ABLE Accounts: How People With Disabilities Can Save Without Losing Benefits

For decades, people on SSI or Medicaid faced a cruel rule: save more than $2,000 and you could lose your benefits. ABLE accounts exist to break that trap — and a 2026 change just made millions more people eligible.

One of the most punishing rules in the disability-benefits system is the asset limit: to keep Supplemental Security Income (SSI) and, in many cases, Medicaid, a person generally cannot have more than $2,000 in countable resources. That rule effectively forbids saving — no emergency fund, no setting money aside for a goal, sometimes no keeping a tax refund. ABLE accounts were created to fix exactly that. They let eligible people with disabilities save and invest meaningful amounts without putting their benefits at risk. Here is how they work, who qualifies, and how to open one.

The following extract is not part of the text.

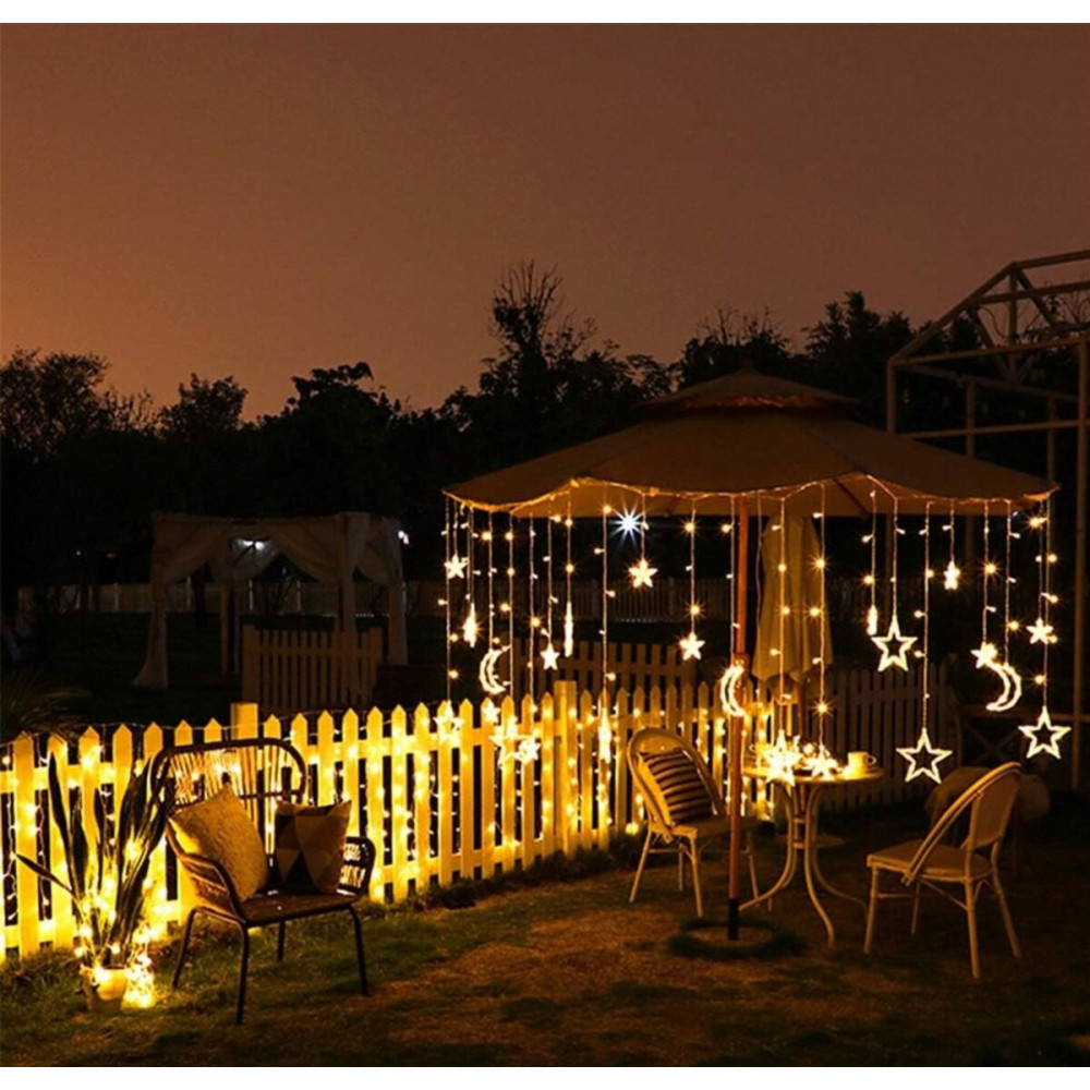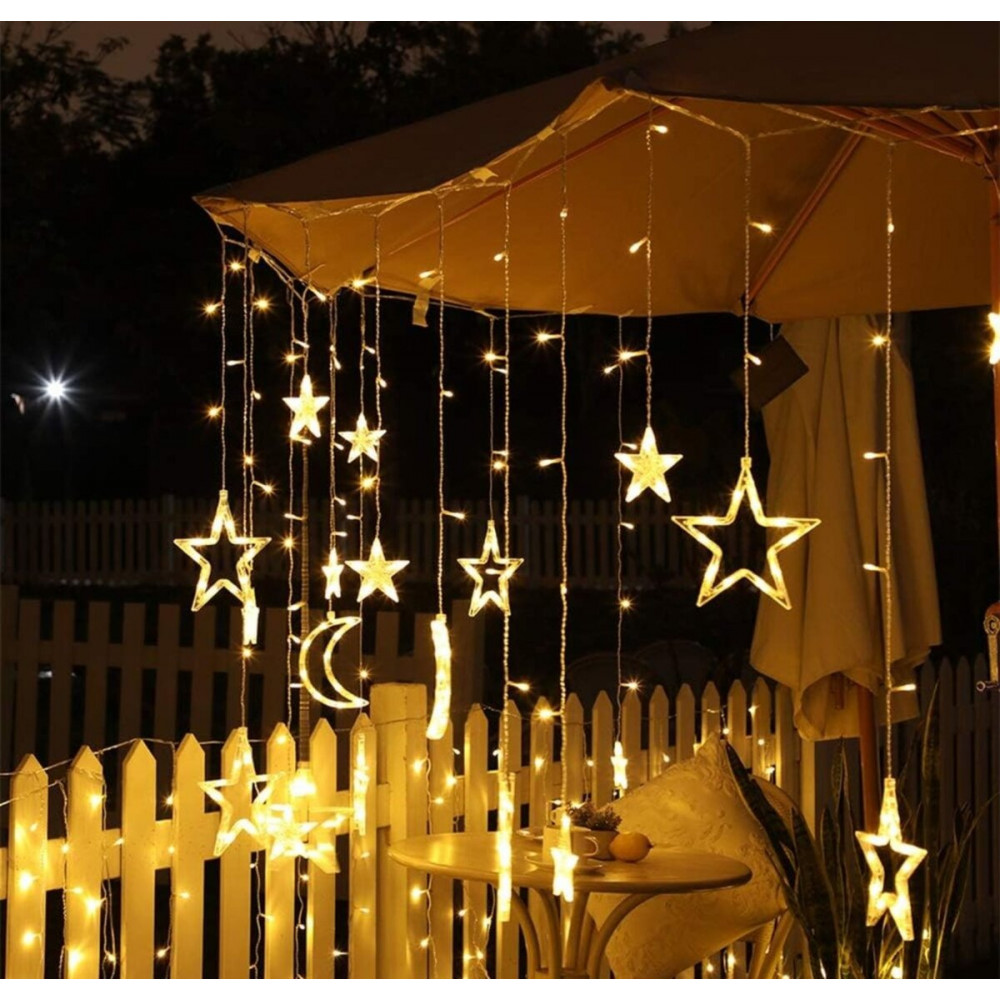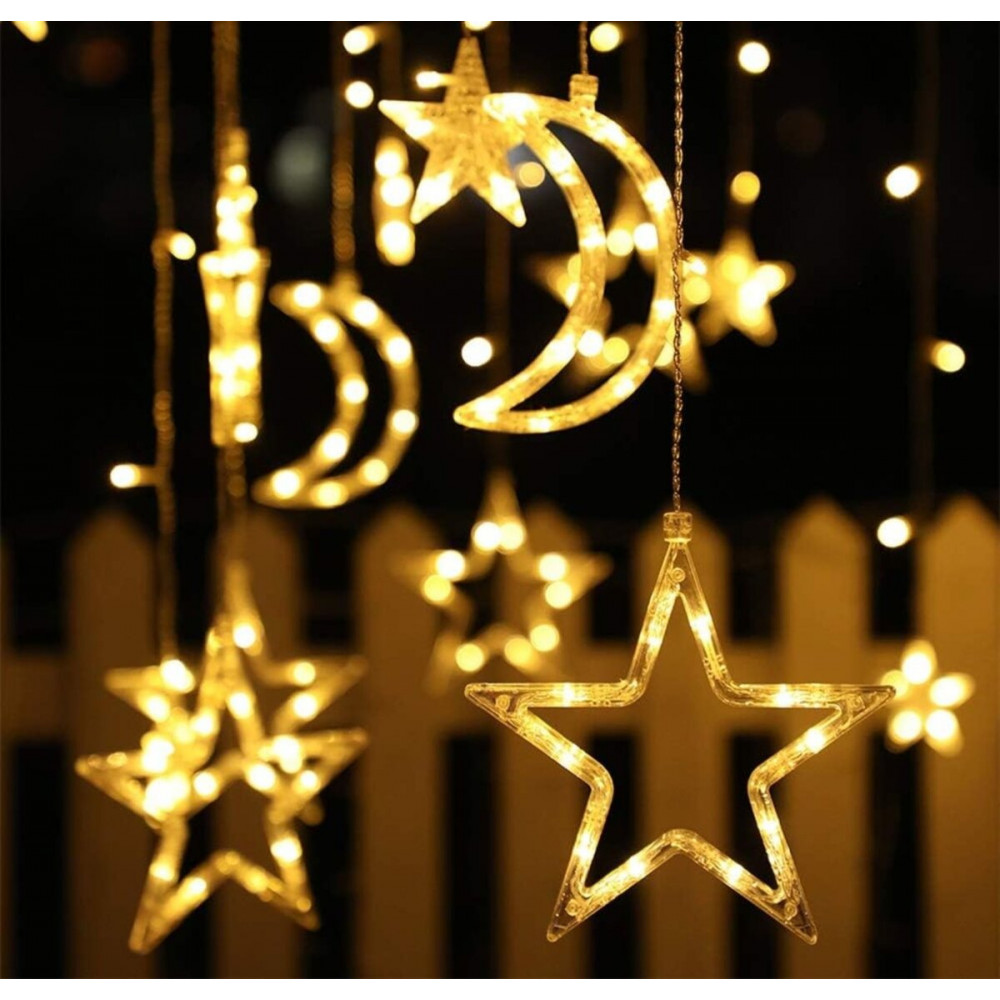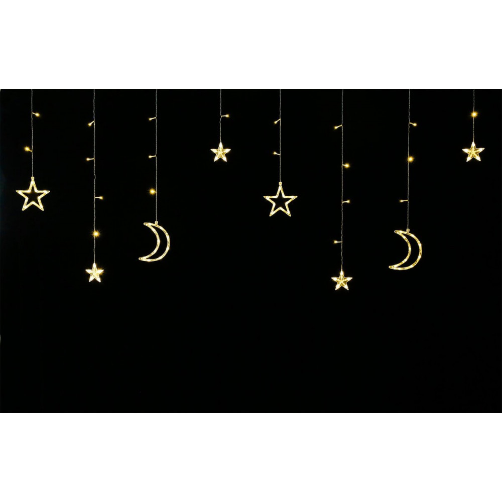 Гірлянда штора LED новорічна VALESO зірки/місяць 12 підвісок 3м×0,6м тепле світло LKS3436

General Guidance, Not Financial or Legal Advice

This is a plain-English overview to help you understand your options — not financial, tax, or benefits advice for your specific situation. Rules and dollar figures change yearly and vary by state. Before opening an account or making big decisions, confirm the current details with a benefits planner or the free ABLE National Resource Center (ablenrc.org).

What an ABLE Account Is

An ABLE account — named for the Achieving a Better Life Experience Act — is a tax-advantaged savings and investment account for people with disabilities. It works a bit like a 529 college-savings plan: you contribute after-tax money, it can be invested and grow tax-free, and withdrawals are tax-free as long as they are spent on qualified disability expenses.

But the headline feature is not the tax break — it is the benefits protection. Money held in an ABLE account (up to generous limits) does not count against the resource limits for SSI, Medicaid, and most other federal means-tested programs. For the first time, an eligible person can build real savings and stay on the benefits they rely on.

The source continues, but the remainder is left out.